In this article, we'll explore how to use Cloudscraper, an open-source Python library designed to bypass Cloudflare's anti-bot measures, allowing you to scrape data from websites protected by Cloudflare.

What is Cloudflare?

Cloudflare is a web infrastructure and security company that provides content delivery network services (CDN), DDoS mitigation, internet security, and distributed domain name server services. Websites use it to protect against DDoS attacks, malicious software, and other online threats.

Since Cloudflare can restrict access to a webpage's content, web scraping often requires bypassing these restrictions.
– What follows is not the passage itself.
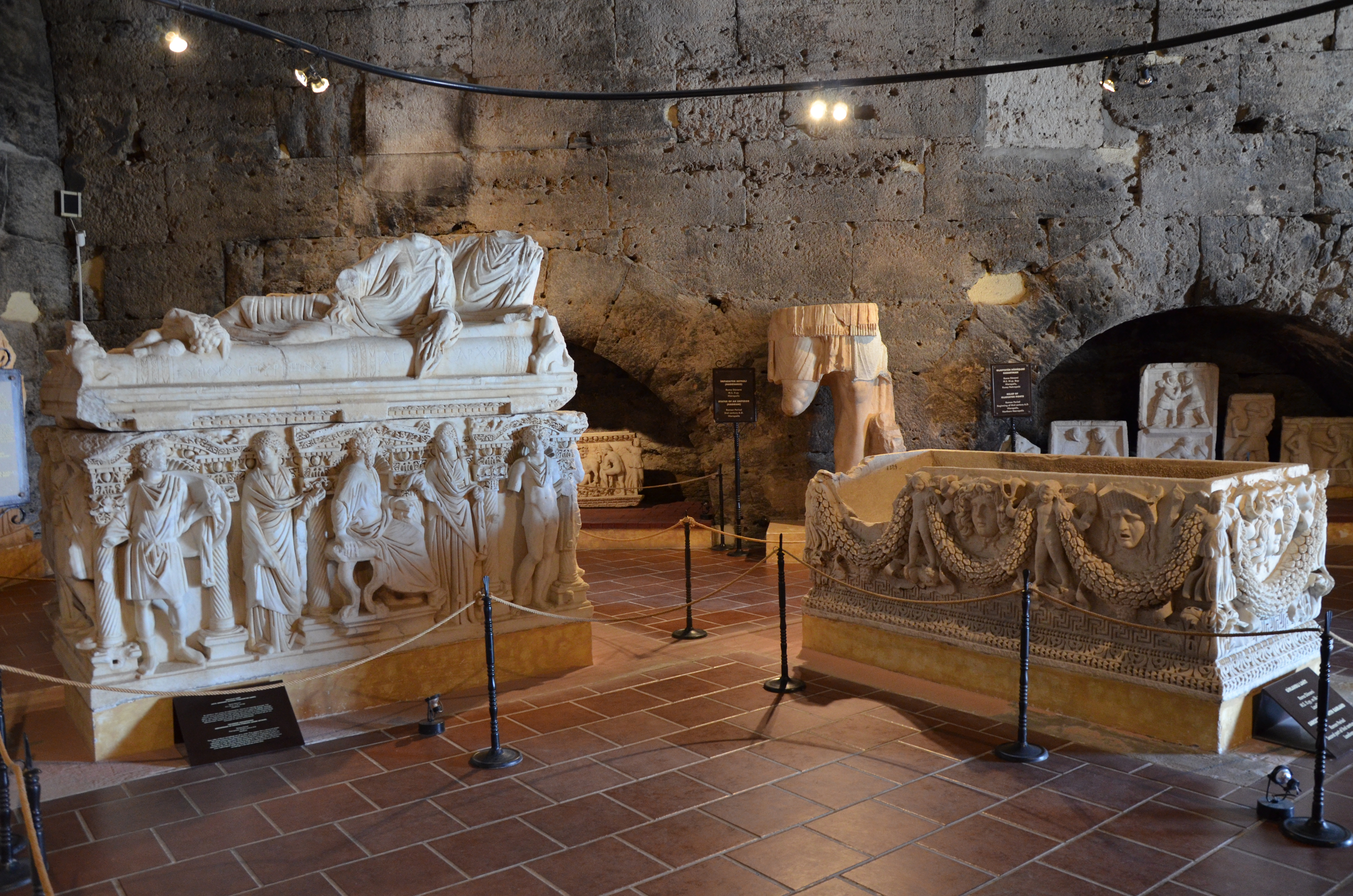 - 극장: 기원후 60년 지진 이후 하드리아누스 황제 통치 시기에 건설되었으며,[19] 셉티미우스 세베루스 황제 시대에 더욱 화려하게 개보수되었다. 7세기 지진으로 파괴되기 전까지 수렵극과 검투사 경기 등이 열렸던 곳이다.

Ondra Urban of Apify explaining how to bypass Cloudflare restrictions at WebExpo

Common Cloudflare errors

When attempting to scrape websites protected by Cloudflare, several specific HTTP status codes frequently occur, notably 403 (the most common), 401, 429, and 502.

💡

Learn how to solve 403 errors while web scraping here

These codes can help us understand what's going on and bypass Cloudflare errors.

There are several different error messages that indicate we have failed to bypass Cloudflare:

#1. Cloudflare error: Access Denied

This is one of the most commonly encountered errors when scraping Cloudflare, which doesn't indicate the exact cause. So, to bypass Cloudflare 1020, full scraper fortification is needed.

#2. Cloudflare error 1009

This error indicates a geographic restriction, where access is denied based on the user's IP country or region. Using proxies from permitted regions, such as a U.S. proxy for a U.S.-restricted site, can overcome this error.

#3. Cloudflare error 1015

Rate Limiting - Indicates that the scraping activity is too frequent or too rapid. Adjusting the rate of requests or distributing them through various channels, like multiple proxies or different browser sessions, can help mitigate this issue.
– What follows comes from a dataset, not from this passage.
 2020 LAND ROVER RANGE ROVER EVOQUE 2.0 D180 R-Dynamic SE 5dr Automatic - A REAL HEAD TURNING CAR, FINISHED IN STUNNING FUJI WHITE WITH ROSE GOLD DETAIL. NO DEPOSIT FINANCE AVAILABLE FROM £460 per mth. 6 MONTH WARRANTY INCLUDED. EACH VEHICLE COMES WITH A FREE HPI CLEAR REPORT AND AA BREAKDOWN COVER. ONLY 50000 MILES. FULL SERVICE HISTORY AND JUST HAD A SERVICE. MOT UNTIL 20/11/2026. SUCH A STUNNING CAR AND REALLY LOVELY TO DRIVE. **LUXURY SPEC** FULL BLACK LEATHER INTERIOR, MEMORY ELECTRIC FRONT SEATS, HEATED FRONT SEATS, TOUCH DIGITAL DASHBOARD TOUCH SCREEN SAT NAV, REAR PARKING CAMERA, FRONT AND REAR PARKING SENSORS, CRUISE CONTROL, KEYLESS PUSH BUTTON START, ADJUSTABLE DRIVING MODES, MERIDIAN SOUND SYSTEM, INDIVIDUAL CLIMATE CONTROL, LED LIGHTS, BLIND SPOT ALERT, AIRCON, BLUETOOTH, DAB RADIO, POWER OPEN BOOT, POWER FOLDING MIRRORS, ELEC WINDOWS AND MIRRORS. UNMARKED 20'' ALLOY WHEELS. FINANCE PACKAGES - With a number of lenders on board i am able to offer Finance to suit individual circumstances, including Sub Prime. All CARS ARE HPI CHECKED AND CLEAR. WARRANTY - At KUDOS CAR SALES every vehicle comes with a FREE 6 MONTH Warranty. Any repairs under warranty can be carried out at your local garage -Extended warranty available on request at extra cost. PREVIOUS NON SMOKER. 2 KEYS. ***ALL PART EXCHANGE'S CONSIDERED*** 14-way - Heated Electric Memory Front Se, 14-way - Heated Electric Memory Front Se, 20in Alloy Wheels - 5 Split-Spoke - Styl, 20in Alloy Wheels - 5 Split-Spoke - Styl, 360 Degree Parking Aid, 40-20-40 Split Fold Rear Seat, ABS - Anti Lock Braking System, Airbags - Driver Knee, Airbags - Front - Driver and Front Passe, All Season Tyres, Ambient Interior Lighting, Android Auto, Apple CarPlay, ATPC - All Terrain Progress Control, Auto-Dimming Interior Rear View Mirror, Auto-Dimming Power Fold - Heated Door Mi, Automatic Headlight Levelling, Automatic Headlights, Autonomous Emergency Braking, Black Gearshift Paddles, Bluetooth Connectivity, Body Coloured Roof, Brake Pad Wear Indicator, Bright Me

These are usually accompanied by a Cloudflare 403 Forbidden HTTP response status code.

What is Cloudscraper?

Cloudscraper is built on the Python Requests library and is specifically designed to bypass Cloudflare's anti-bot protection systems. Cloudflare employs a variety of browser fingerprinting challenges and checks to determine whether incoming requests are from genuine users or automated bots.

How does Cloudscraper work?

Cloudscraper works by impersonating a real web browser, using optimized browser headers and a JavaScript engine/interpreter to solve JavaScript challenges posed by Cloudflare. This enables the extraction of data from websites that have their content hosted on Cloudflare's CDN.

Furthermore, Cloudscraper supports integrating with CAPTCHA-solving services to bypass CAPTCHA verifications. It also supports using proxies to distribute requests and avoid IP blocking. This can be useful for scraping websites that block requests from specific IP addresses.

Note: It's important to remember that Cloudscraper, while effective at bypassing many of Cloudflare's anti-bot challenges, may not always be able to evade all of Cloudflare's detection methods. As an open-source project, Cloudscraper's techniques are publicly available, and Cloudflare may adapt its defenses over time. We'll explore this further later in the article.

How to use Cloudscraper to scrape Cloudflare-protected websites

One of the major advantages of Cloudscraper is its simplicity. Bypassing Cloudflare protection can be complex, but Cloudscraper requires just a few lines of code.

Let's explore how to set up a Cloudscraper project to scrape articles at a low scale from the Nginx tech blog, a website known to utilize Cloudflare’s services.

Prerequisites

This guide assumes you have Python 3.9 installed on your machine, but newer versions will also work as well.

To begin using Cloudscraper for your web scraping projects, you must install both Cloudscraper and BeautifulSoup for parsing HTTP responses.

Installing these libraries is a straightforward process using pip:

pip install cloudscraper beautifulsoup4

If you don't already have it, you should also install Node.js. You can do that by downloading it on your machine and then installing it accordingly.

Once installed, you can create a Cloudscraper instance and make a request to a Cloudflare-protected website.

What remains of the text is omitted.